## SOURCE DATA

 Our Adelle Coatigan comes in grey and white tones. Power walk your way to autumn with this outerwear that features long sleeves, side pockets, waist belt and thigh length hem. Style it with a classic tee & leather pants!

---

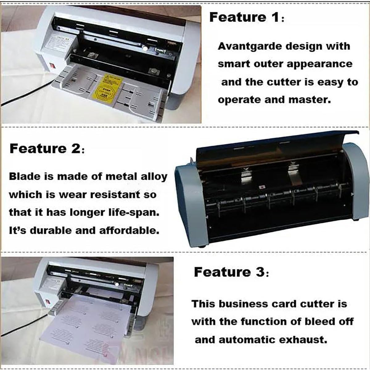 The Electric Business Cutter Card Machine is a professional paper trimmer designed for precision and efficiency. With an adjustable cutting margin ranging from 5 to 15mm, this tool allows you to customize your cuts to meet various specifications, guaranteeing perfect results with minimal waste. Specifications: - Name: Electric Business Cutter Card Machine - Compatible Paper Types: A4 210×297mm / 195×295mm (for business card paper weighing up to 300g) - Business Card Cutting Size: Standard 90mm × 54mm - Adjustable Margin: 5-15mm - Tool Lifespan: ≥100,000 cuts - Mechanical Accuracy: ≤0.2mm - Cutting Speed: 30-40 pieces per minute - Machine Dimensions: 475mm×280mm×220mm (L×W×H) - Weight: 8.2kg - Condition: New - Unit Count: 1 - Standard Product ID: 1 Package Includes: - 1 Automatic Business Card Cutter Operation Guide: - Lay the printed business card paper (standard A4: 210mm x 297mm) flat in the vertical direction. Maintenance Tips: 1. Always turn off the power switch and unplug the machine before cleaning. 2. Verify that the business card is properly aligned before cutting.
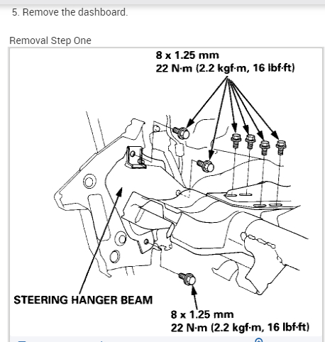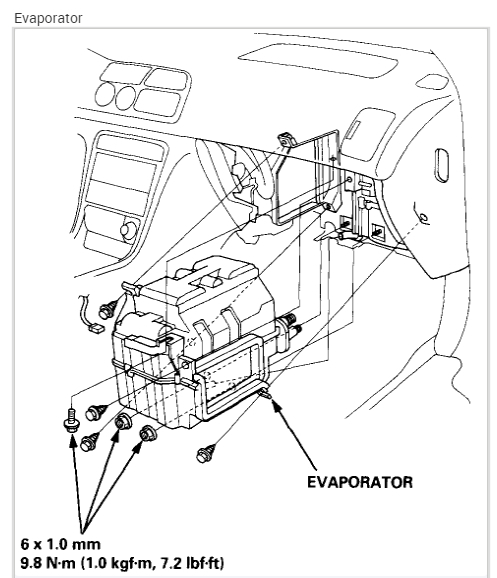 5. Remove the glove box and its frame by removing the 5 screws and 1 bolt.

## WHAT YOU WILL DO
Beginning with the line above that contains "The Electric Business" and ending with the line that contains "5. Remove the", quote each line exactly, keeping out the pictures.

## ANSWER SECTION
 The Electric Business Cutter Card Machine is a professional paper trimmer designed for precision and efficiency. With an adjustable cutting margin ranging from 5 to 15mm, this tool allows you to customize your cuts to meet various specifications, guaranteeing perfect results with minimal waste. Specifications: - Name: Electric Business Cutter Card Machine - Compatible Paper Types: A4 210×297mm / 195×295mm (for business card paper weighing up to 300g) - Business Card Cutting Size: Standard 90mm × 54mm - Adjustable Margin: 5-15mm - Tool Lifespan: ≥100,000 cuts - Mechanical Accuracy: ≤0.2mm - Cutting Speed: 30-40 pieces per minute - Machine Dimensions: 475mm×280mm×220mm (L×W×H) - Weight: 8.2kg - Condition: New - Unit Count: 1 - Standard Product ID: 1 Package Includes: - 1 Automatic Business Card Cutter Operation Guide: - Lay the printed business card paper (standard A4: 210mm x 297mm) flat in the vertical direction. Maintenance Tips: 1. Always turn off the power switch and unplug the machine before cleaning. 2. Verify that the business card is properly aligned before cutting.
 5. Remove the glove box and its frame by removing the 5 screws and 1 bolt.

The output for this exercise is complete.